2 TB, or 2 terabytes, or 2,000,000,000,000 bytes is sooooooooo much disk space, of course you can’t have a clone of of the production database for your development, UAT, or pre-production/staging environments!  After all, 2TB of disk space is ….. well that is a whopping £74.99 (if you choose to purchase the physical hardware, or a few clicks and a few dollars/month if you are in a commercial third-party cloud).

 

The clone provided for development and other purposes will be a cut down version of the database; a table that contains 0.5billion rows in production will contain 3000 rows in your development, UAT, and so on databases. That is enough!

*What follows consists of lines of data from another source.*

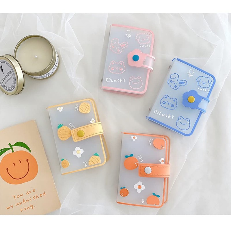 Clear Credit ID Card Holder Case Pocket Card Wallets Purse Card Pouch Organizer 20 Slots with Cartoon Pattern Orange
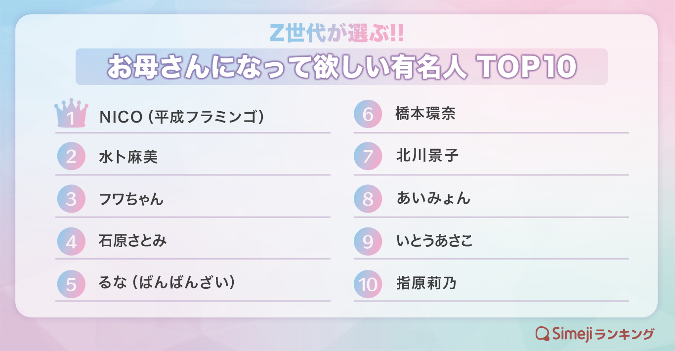Z世代が選ぶ!! 「お母さんになって欲しい有名人TOP10」
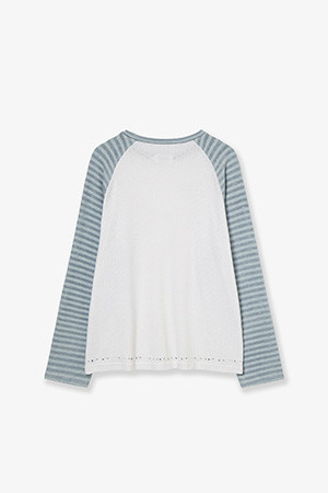 CINNAMOROLL STRIPE KNIT SLEEVE TEE - SKYBLUE
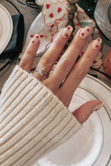 Want some bling? Add rhinestones to your heart nails. Red hearts with tiny rhinestones around them or in the middle look so good! Just use good top coat or they fall off which is annoying.
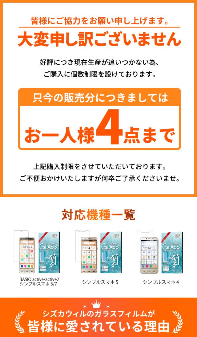 シンプルスマホ7 ガラスフィルム BASIO active2 SHG09 保護フィルム シンプルスマホ6 A201SH フィルム シンプルスマホ5 A001SH シンプルスマホ4 704SH 画面保護フィルム シズカウィル
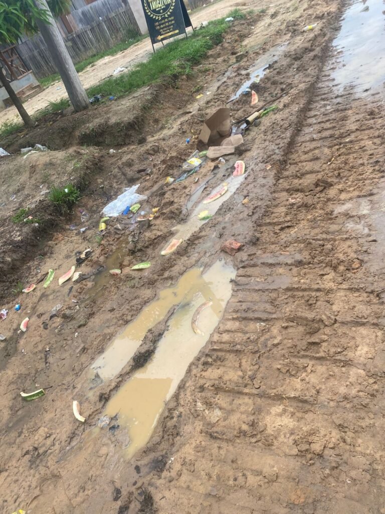 As imagens enviadas mostram ruas tomadas por lama em dias de chuva, além de resíduos sendo arrastados pela enxurrada. Em outros pontos da comunidade, o único acesso disponível é por estrada de barro, reforçando a precariedade da infraestrutura local.
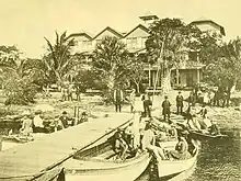 As land values in the Lake Worth region began increasing in the early 1890s, locals saw the need for the construction of a bank.[10] Dimick, along with Edmund M. (who owned the Brelsford House) and John H. Brelsford,[11] opened the area's first bank in May 1893,[10] with the building housing it constructed earlier that year in Jupiter.[12] Dimick served as the bank's first president, then located in Palm Beach just south of Royal Poinciana Way. Around that time, construction was underway on the nearby Royal Poinciana Hotel, which opened in February 1894. Consequently, Henry Flagler paid his workers via the Dade County State Bank. Despite the Panic of 1893, deposits in the bank collectively increased to about $50,000 in the summer of 1893, which bank cashier George L. Branning described as a "handsome sum". The building remained in Palm Beach until 1897,[10] when a barge transported the bank across the Intracoastal Waterway to West Palm Beach at the intersection of Clematis Street and Olive Avenue.[11]
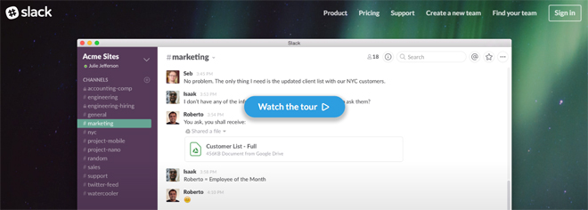 Slack คือ แอพการสื่อสารกลุ่มในองค์กรที่สามารถ chat หรือ แชร์ code snippets, ไฟล์ภาพ, วิดีโอ, ลิงก์ อีกทั้งยังโพสต์โต้ตอบกันเหมือน social network นอกจากนี้ยังสามารถทำห้องหรือ hashtag เพื่อคุยในแต่ละ channel หรือเรื่องงานที่ตัวเองเกี่ยวข้องนั้นได้ และ Tag ทีมงานที่เกี่ยวข้องได้อีก
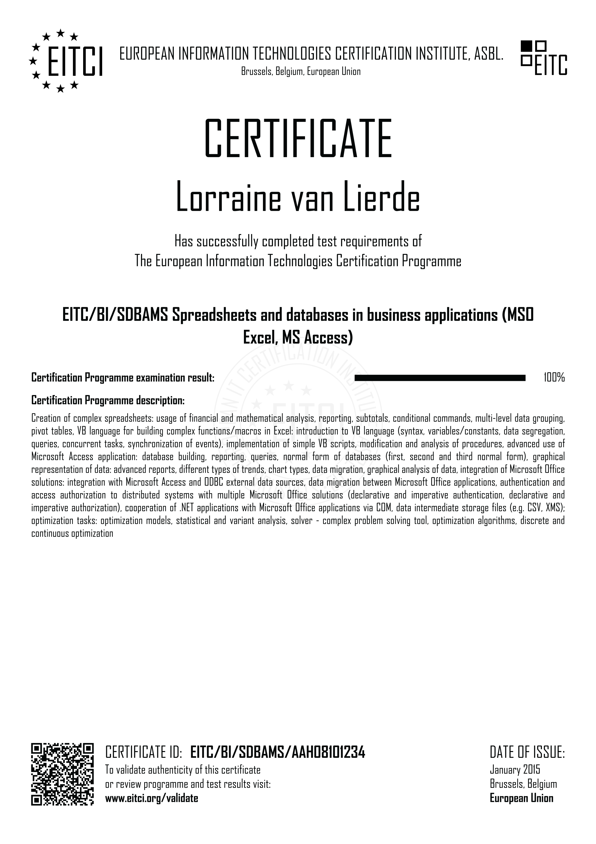 By enroling for the European Information Technologies Certification EITC/BI/SDBAMS Spreadsheets and databases in business applications (MSO Excel, MS Access) you will have access to the complete didactic programme corresponding to the Certification Curriculum and the relevant examination procedure implemented fully remotely (with free additional retakes if required). Upon successful passing of the EITC/BI/SDBAMS examination a verifiable personalized EITC Certification will be issued in your name from Brussels under governance of the European Information Technologies Certification Institute EITCI, the accreditation and certification body for the programme. For all the details on the certification procedure please refer to How It Works section.
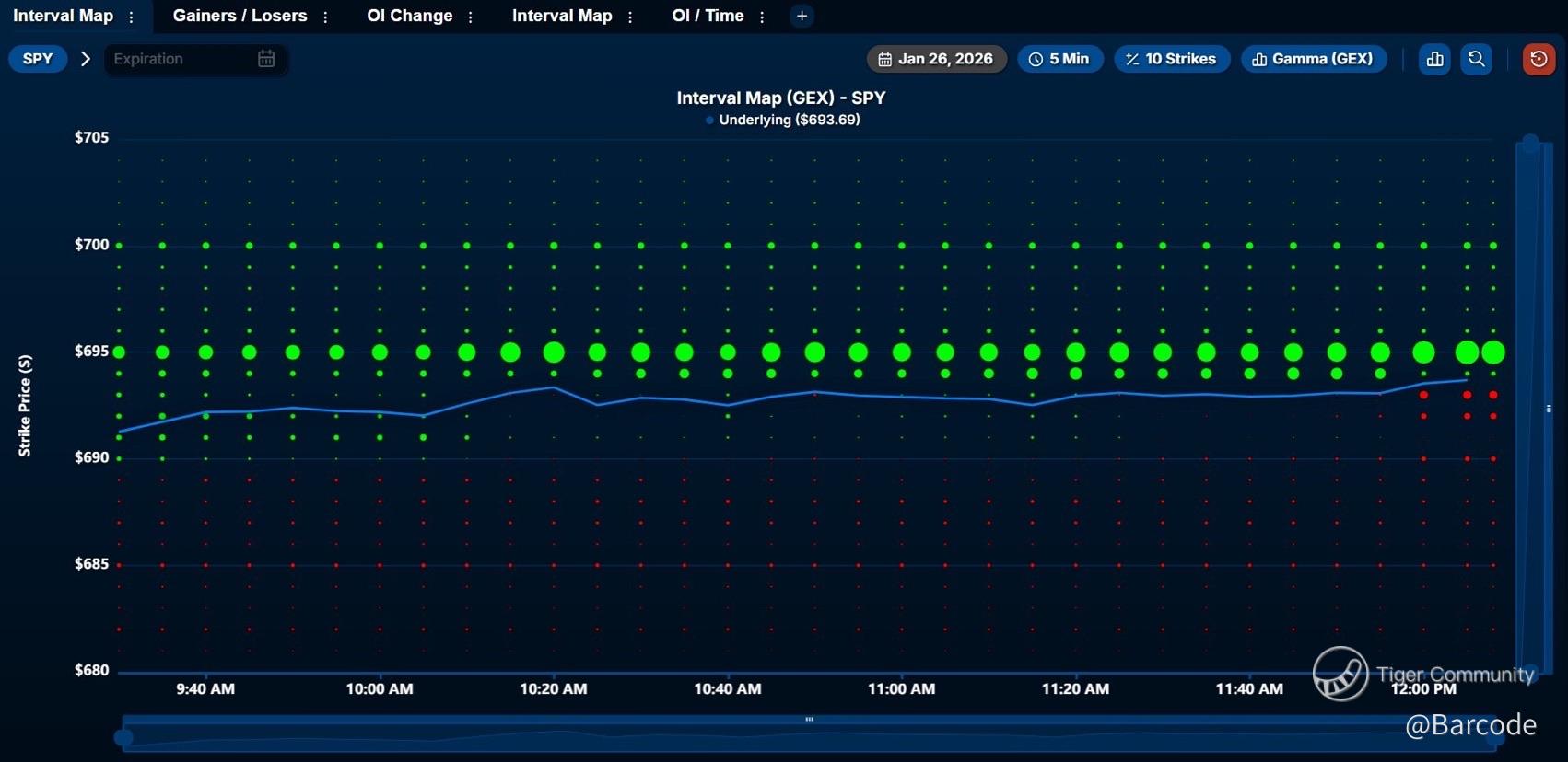 🧲 Gamma map shows heavy positive GEX clustered $695 to $700, anchoring support, feeding pin risk, and defending levels.
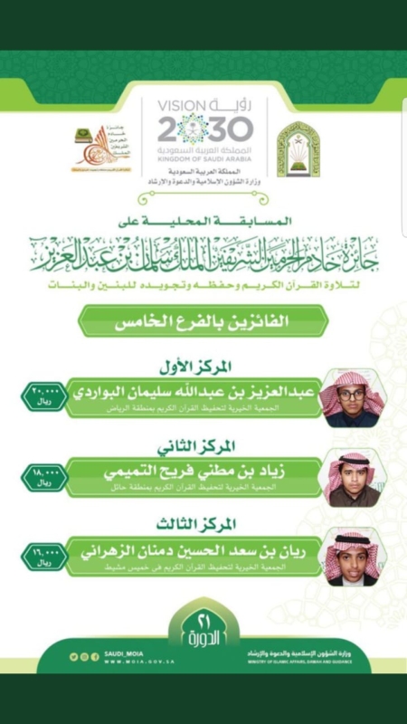حققت جمعية نبأ الخيرية لتحفيظ القرآن الكريم بمحافظة خميس مشيط، حضوراً بارزاً ومميزاً في مسابقة خادم الحرمين الشريفين الملك سلمان بن عبدالعزيز على مستوى المملكة في دورتها 21، والتي تم اختتام فعالياتها أمس الثلاثاء.
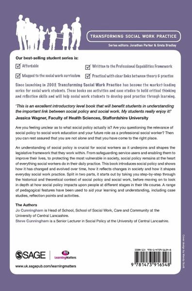 An understanding of social policy is crucial for social workers as it underpins and shapes the legislative framework that they work within. From safeguarding service users and enabling them to improve their lives, to protecting the most vulnerable in society, social policy also has a vital role to play within social work education. It is important therefore for students to engage critically with social policy. This book introduces policy and shows how it has changed and evolved over time, how it reflects changes in society and how it is applied to everyday practice.
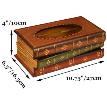 Why You Will Love This Product: The Tosnail Antique Book Tissue Holder is much more than just a container for tissues. It embodies style and practicality, enhancing your home or office decor while also ensuring that you have tissues on hand whenever needed. The joy of having a decorative yet functional piece that sparks conversation and admiration from guests makes this product a beloved addition to any space. Experience the harmony of elegance and utility with this stunning tissue holder, and let it become a cherished part of your interior design!
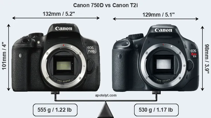 An illustration of the physical size and weight of the Canon 750D and the Canon T2i is provided in the side-by-side display below. The two cameras are presented according to their relative size. Three successive views from the front, the top, and the rear are shown. All width, height and depth dimensions are rounded to the nearest millimeter.

If the development etc. database

  • isn’t on comparable hardware to that as observed on a production system, all bets on performance or throughput metrics are off
  • doesn’t contain a snapshot of representative data before coding changes are propagated from UAT to pre-production and then production systems, all bets are off as to whether it will even work

To put things another way, rolling out a database code change without developing against, and testing against, an intact production database clone is effectively saying …. the implications of the code changes are going to be tested on the production system and can bed-in there.

To put things a third way, all developer(s) can honestly report is that the deployment package compiles, builds, and so on, and that he/she/they have dip-tested the changes on system that is nothing like the production box.

To put things a fourth way, on roll-out day, it should not be necessary to wish someone “Good Luck”, to make a prayer, or to be on tenterhooks as you know the phone is going to ring during the rollout because of some major snafu, as it always does!

The only word I can use to describe this scenario is recklessness. There is no excuse. Not one. I am not feigning annoyance either – this blog post has been prompted by recent experience subcontracting on a ‘big data’ project. The constraint was placed on the primary contractor (a large organisation) by the client (a huge organisation) infrastructure teams. Given what is at stake should something go wrong, I just do not understand it.